Abstract

Black River and Trenton limestones of the outcrop belts in West Virginia and Maryland were deposited on a gentle carbonate ramp that sloped eastward into a deep-water shale basin. The overwhelming sediment type on the ramp was lime mud, laid down below wave base. Water turbidity and circulation fluctuated, which precluded many epifauna. Burrowing infauna, however, were common. The consistency of the mud was generally soft, but hardgrounds developed locally. Another common sediment type, fossiliferous lime mud, represents muddy substrate patches more abundantly inhabited by organisms. These communities, dominated by echinoderms, trilobites, and brachiopods, had both low densities and diversities. Such patches were initially established by large, flat brachiopod pioneers but did not greatly expand because of the high physiological stress and the soft consistency of adjacent substrate. Occasionally, bioclastic sands were produced by storms reworking skeletal grains of the patches. These storm deposits cut into underlying sediments, and the bioclastic debris was clearly locally derived.

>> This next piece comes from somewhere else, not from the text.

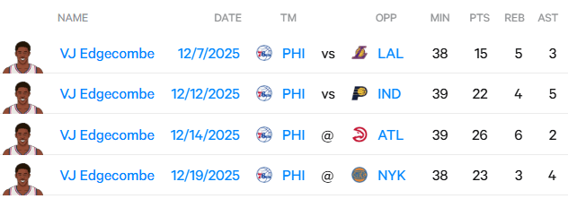 數(shù)據(jù)統(tǒng)計(jì)顯示,暖埃算入今日比賽,奇庫(kù)去場(chǎng)埃奇庫(kù)姆過(guò)去4場(chǎng)場(chǎng)均可以拿到21.5分,4.5個(gè)籃板和3.5個(gè)助攻。
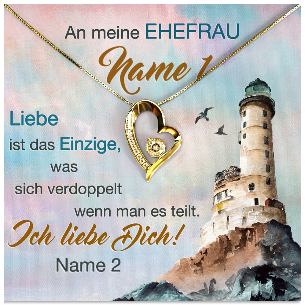 Wahre Liebe ist wie das helle Licht eines Leuchtturms – sie bringt Dich immer wieder sicher in den Hafen des Lebens. Zeige Deiner Frau, wie viel sie Dir bedeutet und beschenke sie mit unserer personalisierbaren Grußkarte im Leuchtturm-Design. Die Karte ist passend zu dem von Dir ausgewählten Schmuckgeschenk aus unserem Sortiment. Gib bei der Bestellung einfach den Namen Deiner Frau und Deinen Namen an. Wir zeigen Dir in der Live-Vorschau, wie das finale Design aussehen wird.

Other skeletal sands, containing abundant calcareous algae and Tetradium corals as well as peloids and intraclasts, were deposited above wave base on shallower portions of the ramp. Rare cross-laminated peloid sands were confined to small lenses and channels at various depths, and intermittent storm currents were probably responsible for their deposition. Into progressively deeper water on the ramp, skeletal sediments decreased in abundance, storm- and current-laid sediments also decreased, and shale increased. Carbonate sedimentation eventually ended when the ramp facies were overstepped by basinal shales.